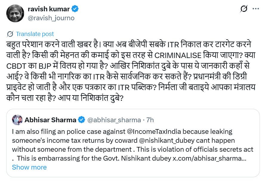 इसी दिन भाजपा सांसद निशिकांत दुबे ने “एक्स” पर एक कथित आयकर रिटर्न (आईटीआर) दस्तावेज़ साझा कर दावा किया कि एक पत्रकार की आय में भारी वृद्धि हुई है, जबसे उसने नौकरी छोड़कर “मोदी और भाजपा को गाली देना शुरू किया.” यह पत्रकार कौन है? यह उन्होंने अपने अनुयायियों पर छोड़ दिया.
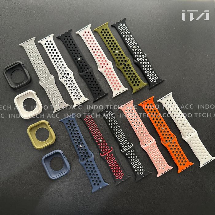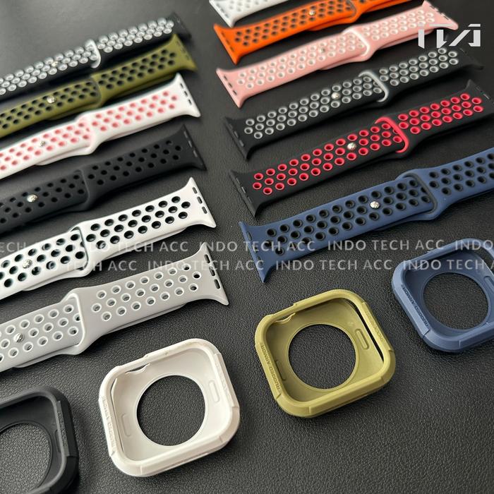 Case Strap Rubber For Apple Watch Series Ultra 3/2/1 & Series 11/10/9/8/7/6/5/4/3/2/1/Se3/Se2/Se1 Case Rugged Armor + St
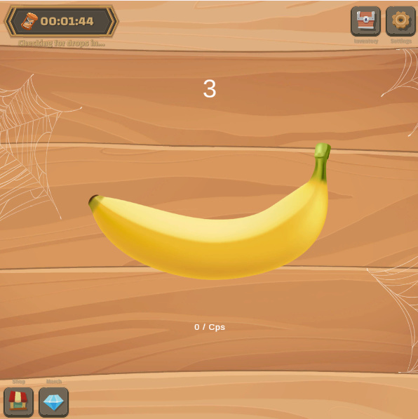 是的,就是一個香蕉,這就是整個遊戲的全部。而這裏唯一的互動性就是點擊這個香蕉,讓香蕉頭上的白色數字不斷+1。
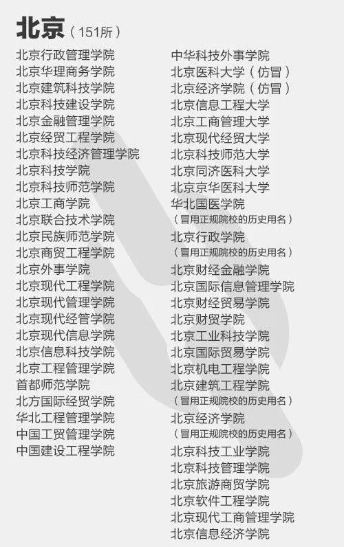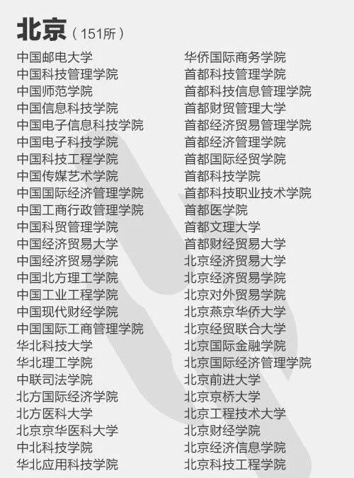 根據(jù)教育部公布名單顯示,截至2020年6月30日,全國高等學(xué)校共計(jì)3005所,其中:普通高等學(xué)校2740所,含本科院校1258所、高職(專科)院校1482所;成人高等學(xué)校265所。本名單未包含港澳臺(tái)地區(qū)高等學(xué)校。這些學(xué)校都屬于正規(guī)大學(xué),由國家承認(rèn)其性質(zhì)。具體可以通過以下方式查詢:1. 教育部門戶網(wǎng)站和官方微信公眾號(hào)“微言教育”,考生和家長可以通過登錄教育部官網(wǎng)或在官微“微言教育”“高校名單”欄目進(jìn)行查詢核實(shí)。2. 中國教育在線門戶網(wǎng)站“正規(guī)大學(xué)名單”查詢識(shí)別下方二維碼即可查看3005所正規(guī)大學(xué)名單!
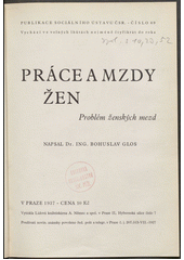 GLOS, Bohuslav. Práce a mzdy žen: problém ženských mezd. V Praze: Sociální ústav ČSR, 1937. 93 stran. Publikace Sociálního ústavu ČSR, číslo 69.
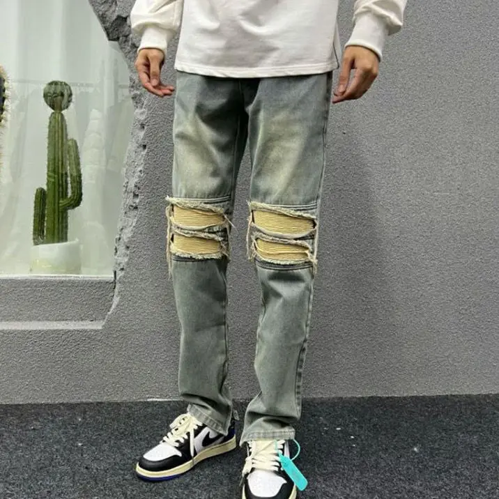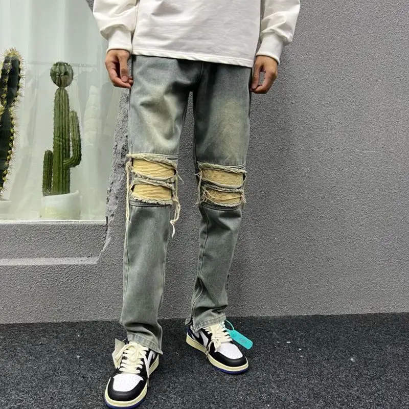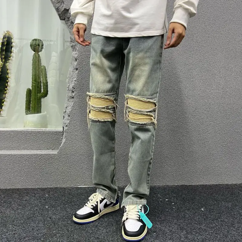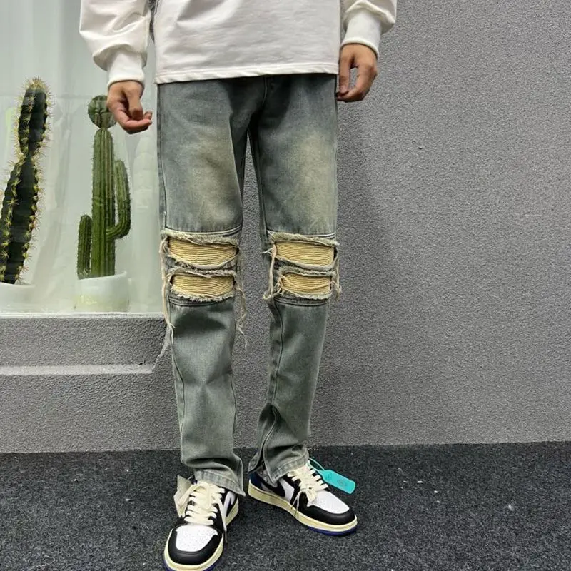 Jeans da uomo in Denim invecchiato primavera autunno Casual allentato coreano cerniera gamba larga mendicante pantaloni Cargo da uomo pantaloni in cotone retrò
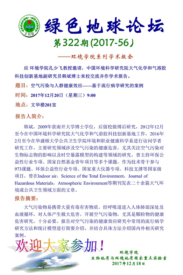 绿色地球论坛第322期(2017-56)——日本av片 系列学术报告会 题目:空气污染与人群健康效应——基于流行病学研究的案例 时间:2017年12月20日(星期三) 上午9:00 地点:文华楼201室
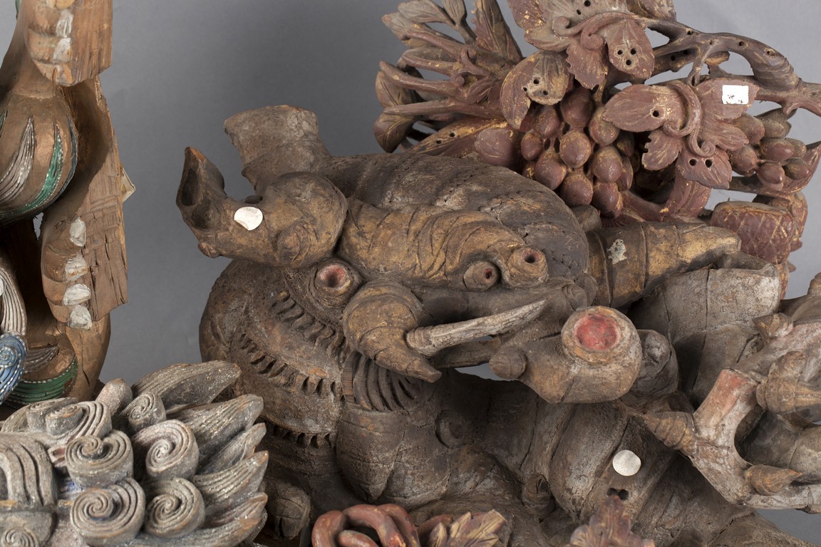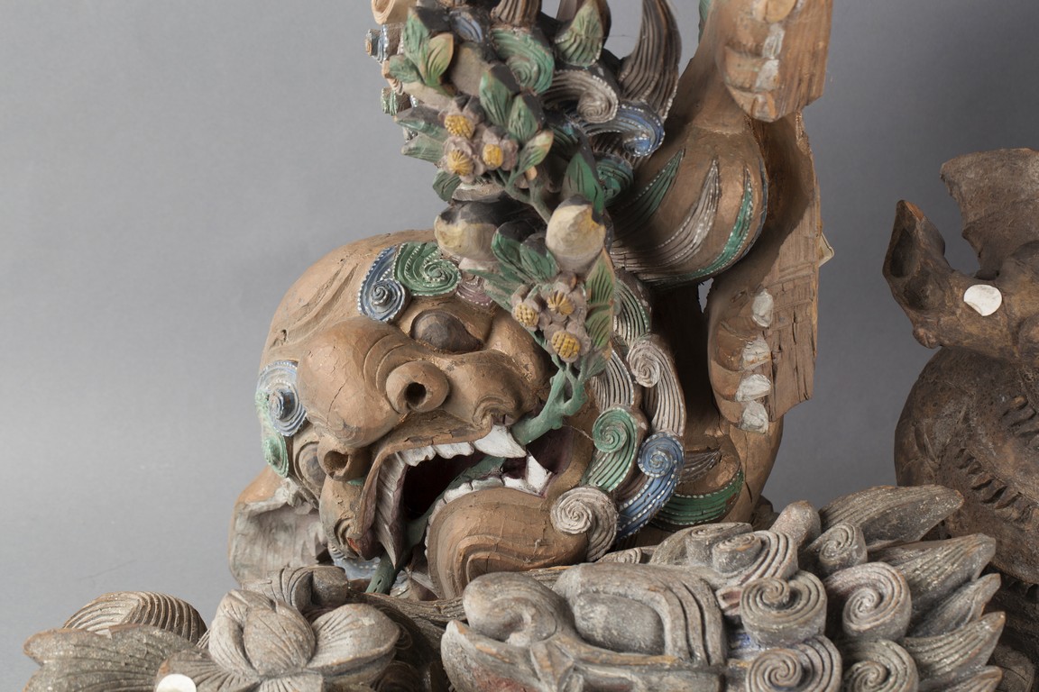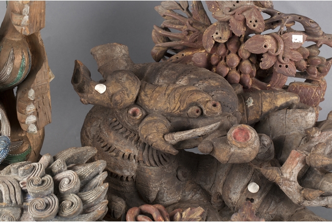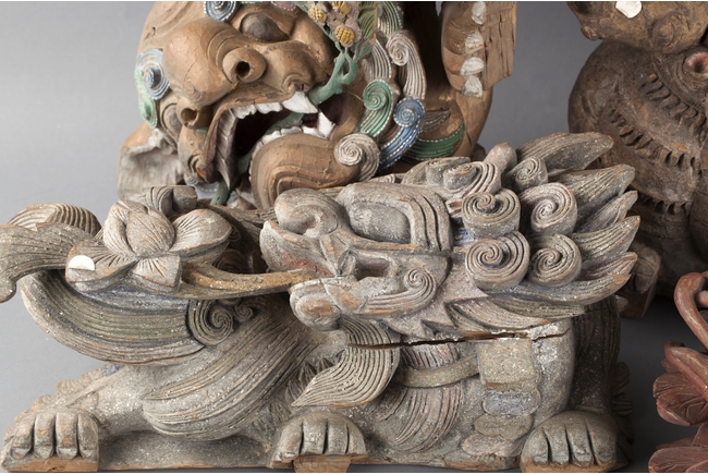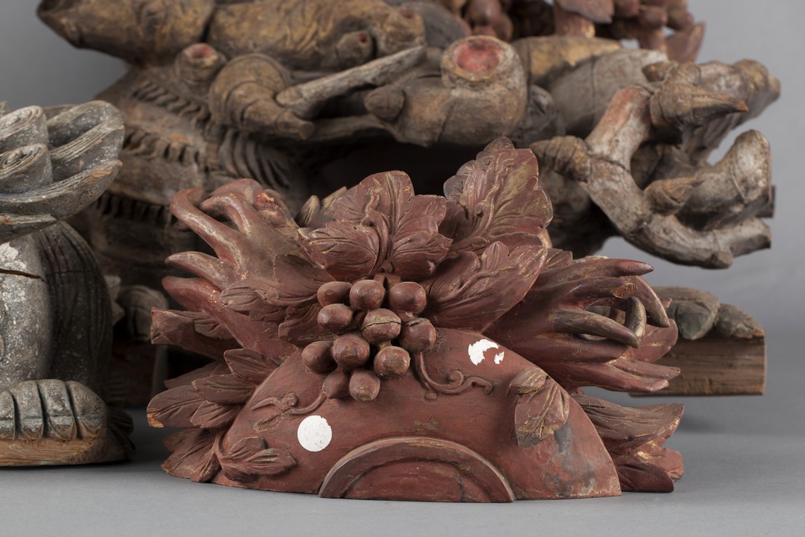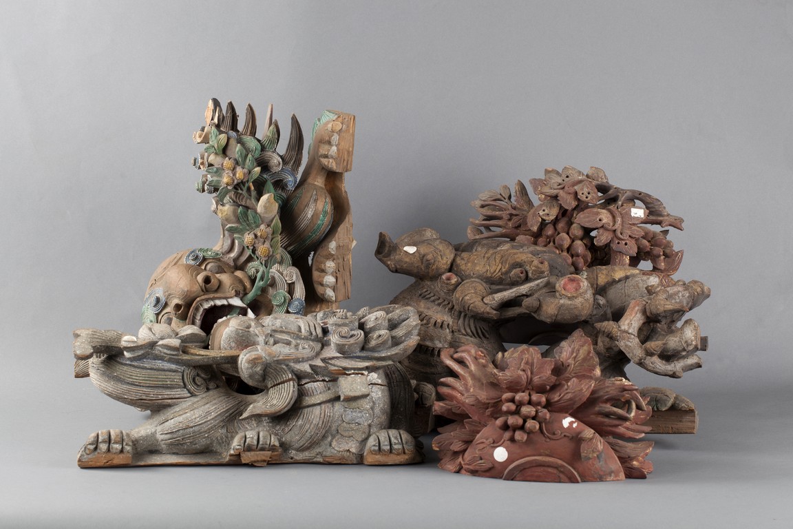 "The group of five wood carvings depicts various monsters and folklore figures
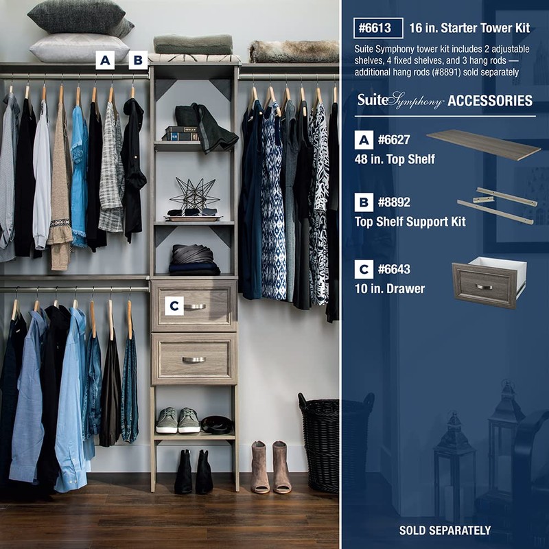 - SUITESYMPHONY COLLECTION: Add on drawers, additional rods, top shelves or other compatible units to create a custom closet (sold separately)
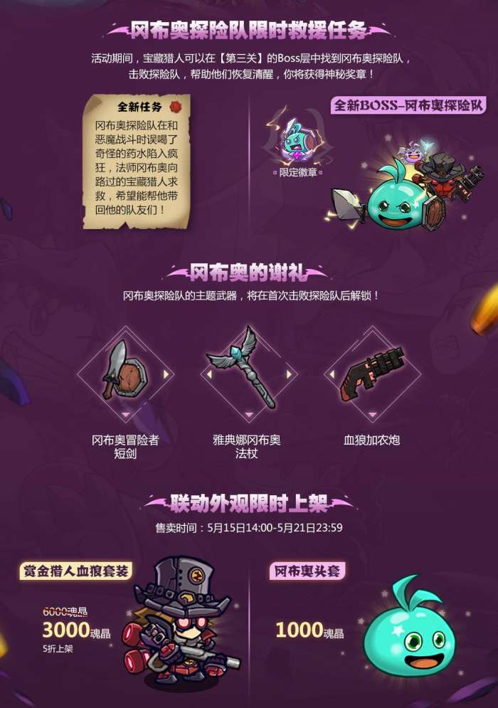 活动期间击败冈布奥探险队,将在城堡随机库中永久解锁该联动主题的武器和神秘奖章。
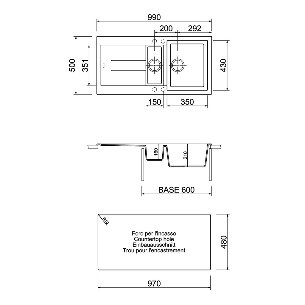 金属颗粒、石英和花岗岩赋予水槽金属色调,与现代环境和不锈钢完美搭配。易于清洁、卫生、耐划痕、耐化学品和高温。
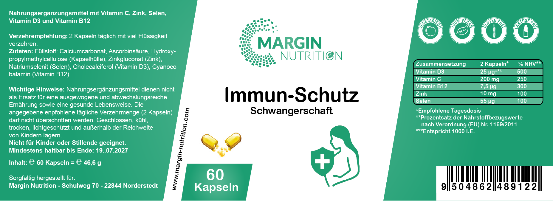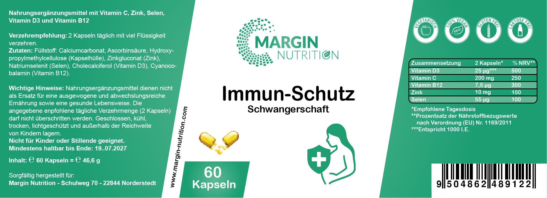 Immun-Schutz Schwangerschaft – Mit Vitamin C, Vitamin D3, Zink, Selen und Vitamin B12 | 30, 60, 2×60, 3×60 vegane Kapseln
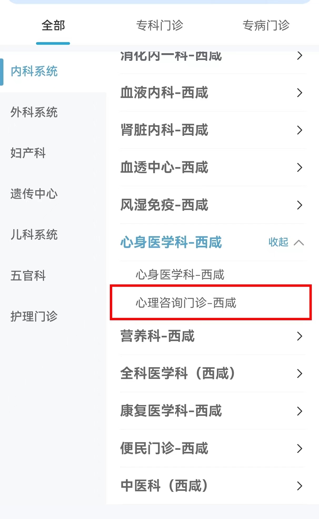 近年来,随着社会压力上升,心理健康问题逐渐受到社会的广泛关注,压力、焦虑、抑郁等心理问题已经成为影响现代人生活质量的重要因素。当前,我国常见精神障碍和心理行为问题人数逐年增多,为满足群众精神和心理健康就医需求,心理科在西咸院区开设心理咨询门诊。心理咨询门诊提供门诊心理评估、心理咨询和心理治疗服务,适用于有心理困扰但尚未发展至精神疾病的人进行心理治疗,不提供门诊诊断、门诊用药和医学证明书等服务。
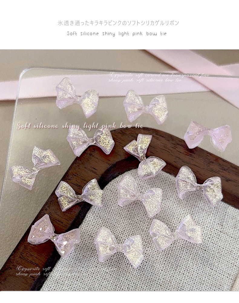 부드러운 조각 고급 반짝이 나비 매듭 네일 아트 쥬얼리 입체 얼음 투명 핑크 나비 넥타이 diy 웨어러블 네일 다이아몬드 액세서리
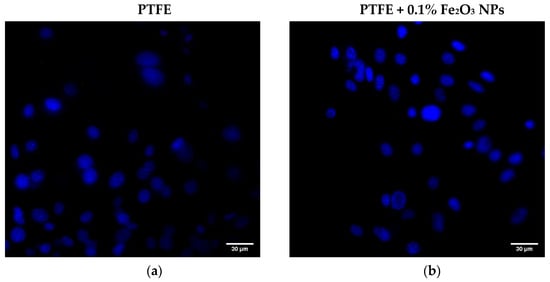The study was performed on a primary culture of murine fibroblasts (BALB/c males weighing 22–25 g), which were isolated and cultivated according to a standard protocol []. All experiments with laboratory animals were carried out in accordance with the regulatory legal act of the Ministry of Health of the Russian Federation №199-n “On approval of the rules of good laboratory practice” and the international legal norms specified in the European Convention ETS №123 “On the protection of vertebrate animals used for experiments or for other scientific purposes”. Round coverslips were coated by PTFE with the addition of 0.1% Fe2O3 nanoparticles or PTFE without nanoparticles and were dried for 24 h in a fume hood. Cells were seeded on prepared slides and uncoated slides (control) and cultured in DMED/F12 medium supplemented with 10% FBS, 2 mM L-glutamine, and antibiotics (Sigma Aldrich, Burlington, MA, USA) for 72 h at 37 °C and 5% CO2. After incubation, cells were stained with fluorescent dyes Hoechst33342 and PI (Sigma Aldrich, Burlington, MA, USA) and were analyzed using a DMI6000 fluorescent microscope (Leica, Wetzlar, Germany) [,,].
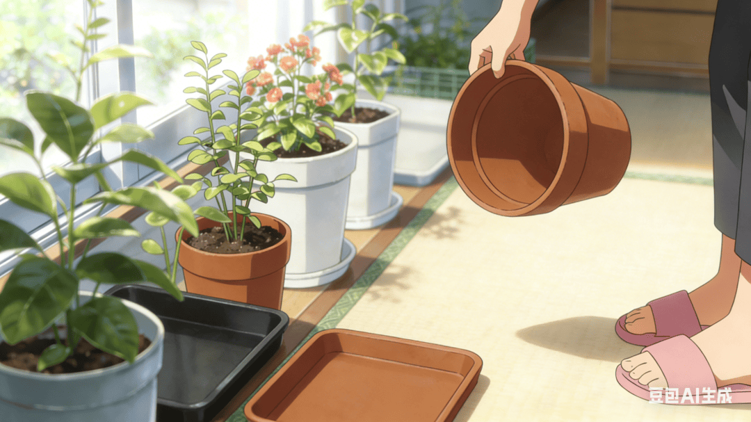 定期翻盆倒罐,检查家中、阳台、楼道、房屋周围以及小区的积水容器(如花盆托盘、闲置瓶罐、废旧轮胎等),及时清理积水。
◆ ◆ ◆ ◆ ◆ ◆ ◆
* [WHAT IS NEEDED] Please repeat the lines of the material above exactly, starting with the line that contains "and folklore figures" and ending with the line that contains "Immun-Schutz Schwangerschaft –". Leave the pictures out.

* [WRITTEN ANSWER]
 "The group of five wood carvings depicts various monsters and folklore figures
 - SUITESYMPHONY COLLECTION: Add on drawers, additional rods, top shelves or other compatible units to create a custom closet (sold separately)
 活动期间击败冈布奥探险队,将在城堡随机库中永久解锁该联动主题的武器和神秘奖章。
 金属颗粒、石英和花岗岩赋予水槽金属色调,与现代环境和不锈钢完美搭配。易于清洁、卫生、耐划痕、耐化学品和高温。
 Immun-Schutz Schwangerschaft – Mit Vitamin C, Vitamin D3, Zink, Selen und Vitamin B12 | 30, 60, 2×60, 3×60 vegane Kapseln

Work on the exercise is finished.